In both cases, reduced oven spring negatively impacts browning and crispiness.

In summary: Achieving maximum crispiness starts with baking the dough at its optimal fermentation point. To do this, I recommend using PizzaBlab’s dough and yeast calculator to determine the ideal yeast quantity for your specific fermentation conditions, and reading these articles for further guidance:

This principle applies not only to the pizza rim, but also to the base. As we’ll see later, the base also “rises” during baking, and greater oven spring in the base results in better browning and crispiness of the pizza’s bottom.

The Thickness of the Rim (for Browning and Crispiness of the Rim)

In this and the following sections, “rim” refers to the raised perimeter of the pizza, also known as the “cornicione” or “edges.”

This concept may initially seem tricky, but is actually quite simple: the thicker the rim, meaning it contains more dough, the greater the potential for outer crispiness.

Here’s why: all things being equal, a thicker crust can expand more during baking (oven spring), forming an airier structure. This increased airiness leads to the heat concentrating in the crust, accelerating browning and crisping. The result is a crust with a crispy outer layer, and a soft, airy crumb at its center.

Additionally, the thicker the rim, the higher the crust-to-crumb ratio, making the outer crispiness more noticeable – yielding a satisfying bite that is both crispy and soft.

Conversely, a flatter rim reduces the crust-to-crumb ratio, resulting in more crust than crumb. This shifts the eating characteristics toward full crispiness rather than outer crispiness.

For example, let’s compare two pizzas with identical crust layers (in terms of crispiness, browning, and thickness) but different rim thicknesses: one with a thin, flat rim, and the other with a thick, puffy rim:

  • Thick Rim: Offers a greater contrast between the crust and crumb, with a thicker, airy crumb. The outer crispiness is pronounced, delivering a bite that is crispy on the outside and soft on the inside.
  • Thin Rim: Provides less contrast between crust and crumb, often resulting in a rim that is fully crisp with minimal or no softness. The bite is more uniformly crunchy, leaning toward full crispiness.

This doesn’t mean the rim should be excessively thick, but it does need enough “substance” to create a contrast between the crispy crust and soft crumb. Without this balance, the result will lean toward full crispiness, lacking the desired outer crispiness.

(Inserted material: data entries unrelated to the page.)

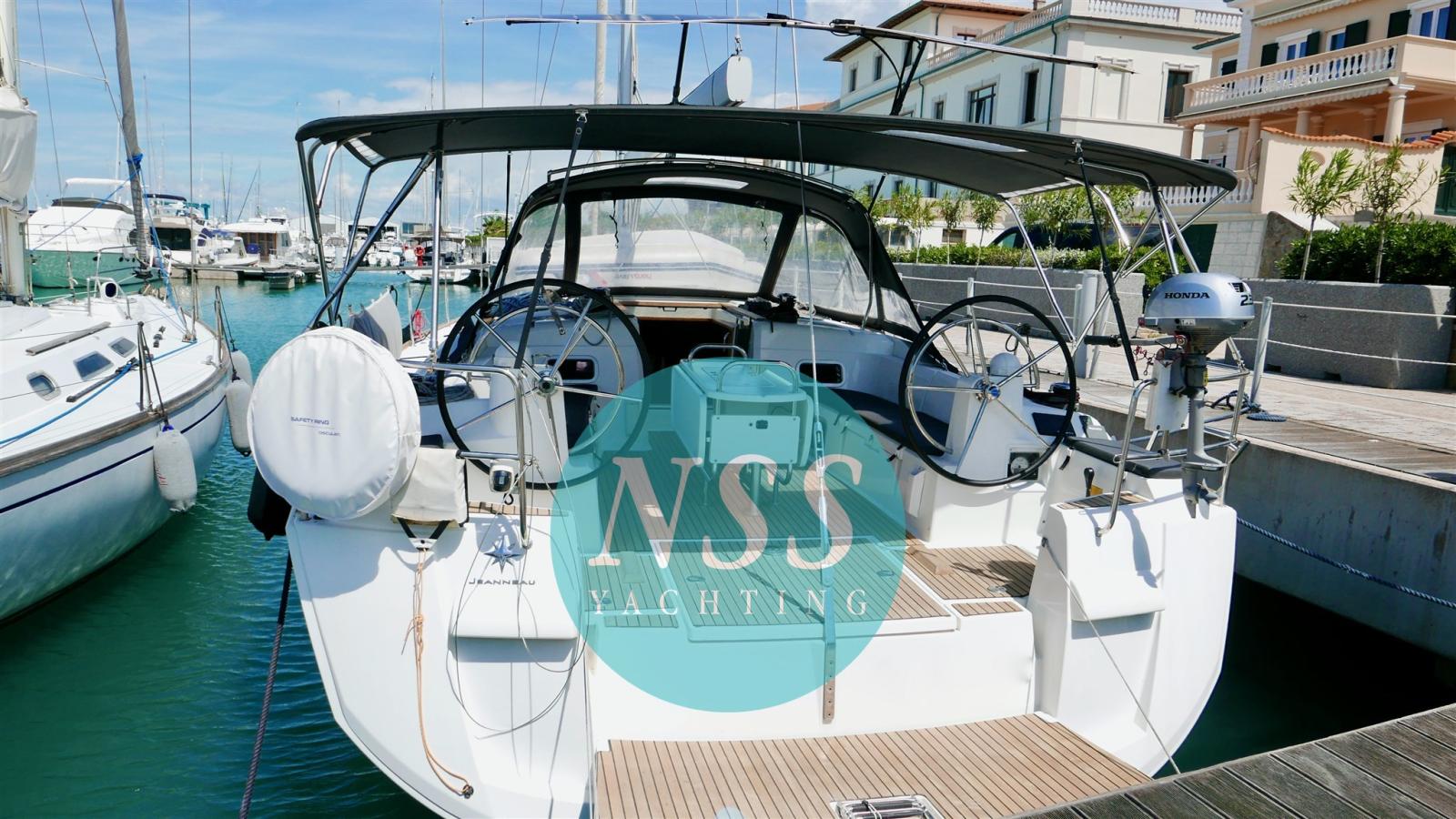 Alarme moteur, Alarme de pompe de cale, Ancre (Delta 25 kg con 80 mt catena da 10 mm), Eau sous pression, Double barre à roue, 2 Panneau solaire (100 Wx2), Passerelle (in composito Carbonautica), Plateforme arrière, Pompe de cale manuelle, Cockpit en teck, Prise de quai, Guindeau électrique, Echelle de bain, table de cockpit, Annexe (Honda wave 3 mt, Honda 2,5 hp), Windex.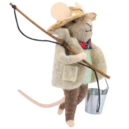 A felt critter from our Lake & Cabin Collection displaying a happy mouse with a fishing inspired design perfect for adding character to any cabin or RV. Fishing mouse critter features cute handmade details including a straw hat as well as a stick fishing rod and metal bucket in each hand. Our Fishing Mouse critter is designed to free stand on flat surface for display. Contains small parts; this is not a toy. A fun fishing themed home accent that displays well alone or as a collection with other critters.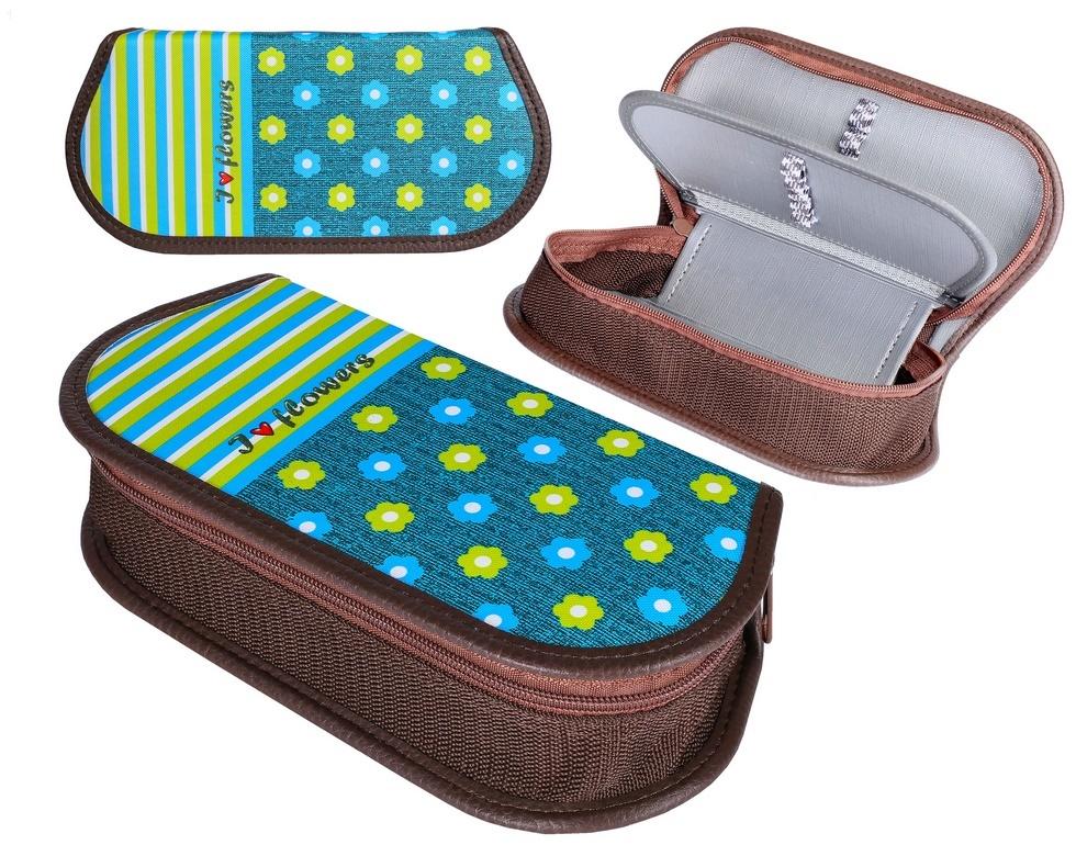 Piórnik typu kuferek sztywny dostępny w 2 kolorach, ozdobiony nadrukiem przedstawiającym kwiaty wykonanym w technologi termosublimacji. W środku klapka z gumkami na długopisy i przestrzeń luźna do wykorzystania. Wyrób zamykany na zamek błyskawiczny.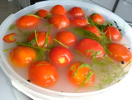 Якщо ви не хочете возитися з банками та стерилізацією, цей рецепт квашених помідорів саме для вас. За цим рецептом вони готуються у звичайному відрі чи каструлі, а куштувати їх можна вже за кілька днів. Завдяки зелені, спеціям та листю хрону помідори виходять ароматними й дуже апетитними — чудова закуска до будь-якої страви.

The picture below illustrates this concept. The part of the rim closest to the camera, which contained less dough, shows characteristics of full crispiness – a hard, crunchy bite with no internal softness. In contrast, the thicker parts of the rim display outer crispiness – a combination of a crunchy exterior and a soft, airy interior.

Whole New York pizza

In summary: The thicker the pizza rim, and the more dough it has, the easier it is to achieve outer crispiness. A thinner rim, on the other hand, tends to create full crispiness, moving away from the crispy-soft contrast.

The Thickness of the Base (For Browning and Crispiness of the Pizza’s Bottom)

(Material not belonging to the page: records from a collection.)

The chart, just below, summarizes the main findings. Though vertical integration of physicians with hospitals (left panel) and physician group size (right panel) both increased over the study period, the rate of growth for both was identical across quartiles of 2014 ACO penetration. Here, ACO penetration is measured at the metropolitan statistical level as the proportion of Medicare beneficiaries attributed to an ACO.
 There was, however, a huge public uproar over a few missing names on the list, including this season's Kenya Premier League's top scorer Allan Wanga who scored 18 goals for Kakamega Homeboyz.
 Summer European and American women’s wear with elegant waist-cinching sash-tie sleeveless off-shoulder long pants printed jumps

The thickness of the dough at the pizza base plays a critical role in determining how well the bottom browns and crisps during baking. This principle aligns with the concept discussed in the previous section regarding the rim.

This section focuses on achieving outer crispiness – a crispy yet somewhat tender bite in the base. It is less applicable to cracker-style pizzas or situations where the goal is full crispiness (e.g., significantly drying the entire depth of the dough to minimize moisture by the end of baking).

All else being equal, a thicker pizza base – meaning it contains more dough – has greater potential for oven spring, even if the dough is only a few millimeters thick. This creates a more “airy” structure in the base, that influences browning and crispiness.

The rationale is the same: a thicker, airier dough creates an insulating layer that slows heat transfer through the base. As a result, heat concentrates on the outer (bottom) portion of the base, enhancing browning and crispiness.

“Thicker” does not mean an excessively thick base, like Pizza Hut’s pan pizza. Even a few millimeters of difference in thickness can significantly impact the browning and crispiness of the pizza base. For example, as shown in the picture below, “air bubbles” form in the base even when it is relatively thin, contributing to outer crispiness.

Generic pizza
Even though the base is relatively thin, you can clearly see the “air bubbles” that have formed throughout it

All things being equal, the thicker the pizza base and the more dough it contains, the result will be:

  1. Concentration of Heat on the Bottom: More heat will be concentrated on the bottom, causing it to brown more and become crispier.
  2. A Thicker Crust Layer: With more heat focused on the bottom and increased dough in the base, the “crust” layer can potentially be thicker, contributing to a longer-lasting crispiness after baking.
  3. A larger crust-to-crumb ratio, enhancing the perceived crispiness of the base.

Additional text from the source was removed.